Queenstown is a town on the West Coast of the island of Tasmania, Australia. It had a population of 2,352 people as of 2001. Current population is estimated to be 3,000 people.

History

Historically it was a mining town. The mountainous area was first explored in 1862. It was long after that when alluvial gold was discovered at Mount Lyell, prompting the formation of the Mount Lyell Gold Mining Company in 1881. In 1892, the mine began searching for copper. The final name of the Mount Lyell company was the Mount Lyell Mining and Railway Company.
   In the 1900s, Queenstown was the centre of the Mount Lyell mining district and had numerous smelting works, brick-works, and sawmills. The area at the time was finely wooded. The population in 1900 was 5051; the district, 10,451.
The town was the base of the Queenstown council up until amalgamation with other west coast councils in the 1990s. The town in its heyday had a collection of hotels, churches and schools that have all significantly reduced since the demise of the Mount Lyell company.
   The town was the base of the Organisation for Tasmanian Development started in 1982.
   For a brief period in the 1980s during the building of dams by the Hydro (to compensate for the loss of the Lower Gordon scheme due to the No Dams campaign) there was a brief reprieve for the town.
   However since then businesses have closed down and facilities reduced.
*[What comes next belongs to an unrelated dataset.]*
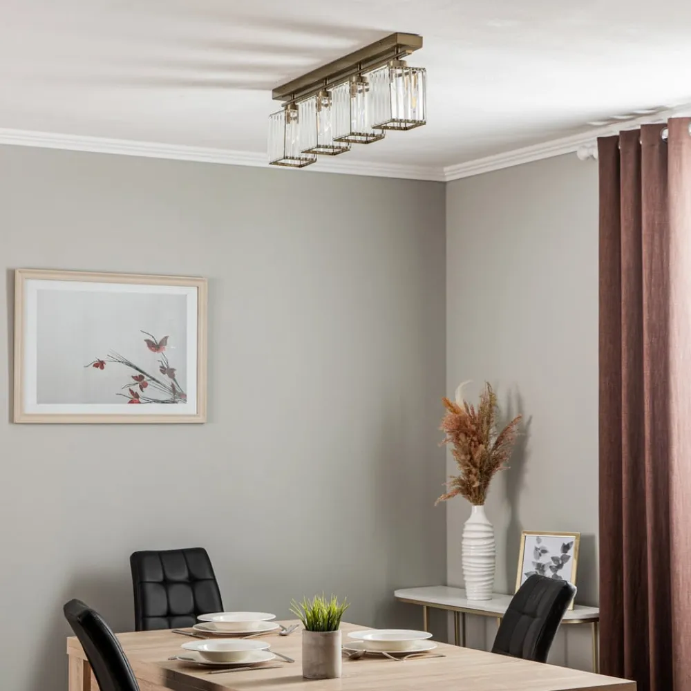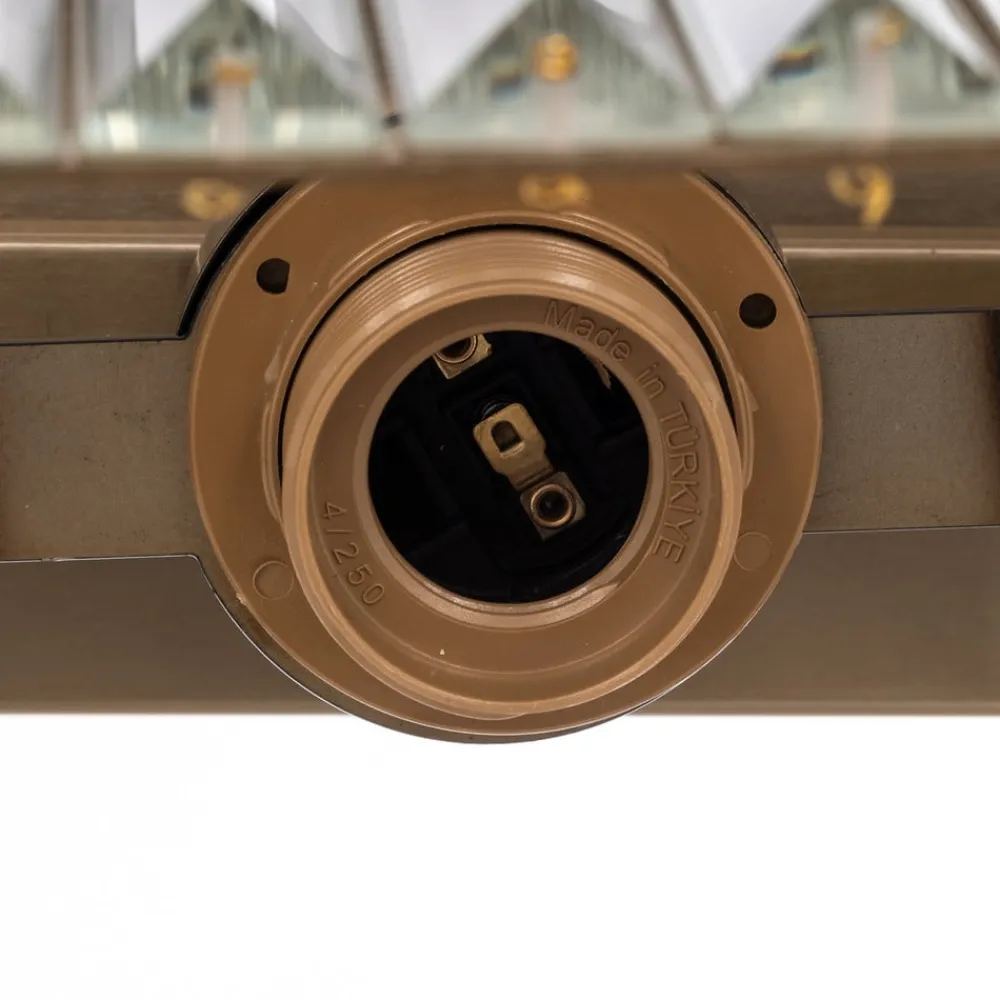 Loftlampen AV-1795-4EY kombinerer klassisk design med funktionel alsidighed. Den er fremstillet af højkvalitets jern og dekoreret med krystalglas og stråler i en antik guldfinish, der giver ethvert rum et elegant touch. Denne lampe er ideel til stuer, entreer og soveværelser og skaber en stemningsfuld atmosfære.

The rebuilt Abt Railway hasn't significantly increased the towns prosperity to date, however renewed mining and mining exploration activity in the region has helped.

Ecology

The mountains surrounding Queenstown have unusual pink and grey hues that come from the conglomerate rocks on the two most adjacent mountains - Mount Lyell and Mount Owen.
   Due to a combination of tree removal for use in the smelters, the smelter fumes (for about 40 years), and the heavy annual rainfall, the erosion of the shallow horizon topsoil back to the harder rock profile contributed to the stark state of the mountains for many decades.
   Typical of the successions that occur in fire affected areas in Western Tasmania, the low shrubbery that has revegetated adjacent to hillside creeks is a very early stage of a long recovery for the ecology of the region.
   Some concern by local residents in the 1980s and since, that the low level succession of plants might affect the stark 'moonscape' appearance of the southern parts of Mount Lyell, and northern Mount Owen. Although there are still large areas incapable of sustaining regrowth due to the acute slopes and lack of soil formation, the rate of vegetation recovery will render the mythologies arising from the appearance as only partial truths in time.
   The Queen River was for most of the history of the Mount Lyell company the recipient of mining effluent and the Queenstown sewage - which then continued into the King River and consequently the Macquarie Harbour.
   The Mount Lyell Remediation and Research and Demonstration Program scheme has since removed the direct flowing mining waste and local waste from the rivers.

Current conditions

Today, the town and district attracts significant numbers of tourists, on either organised tours or the hire car 'circuit' around Tasmania. Some features continue to fascinate tourists, either the mountains, the slag heap or the gravel football ground. There are significant opportunities to catch glimpses of the towns past at the local museum, and simply by driving up Orr Street, the old main street now with closed pubs and the dominant Post Office tower.
   The mining operation at the original Mount Lyell mine continues, with Copper Mines of Tasmania operating between 1995 and 1999 independently, after which it became part of an Indian company group - and its concentrates are shipped to India for processing.
   Exploration continues within the West Coast region for further economic mineral deposits, and due to the complexity of the geology, there's always the possibility that new mines will open: the Henty Gold Mine is a good example as it commenced operation in the 1990s.
   Queenstown is the terminus of the West Coast Wilderness Railway, which travels southwards alongside the Queen River, and then along the northern slopes of the King River to the port of Strahan in Macquarie Harbour.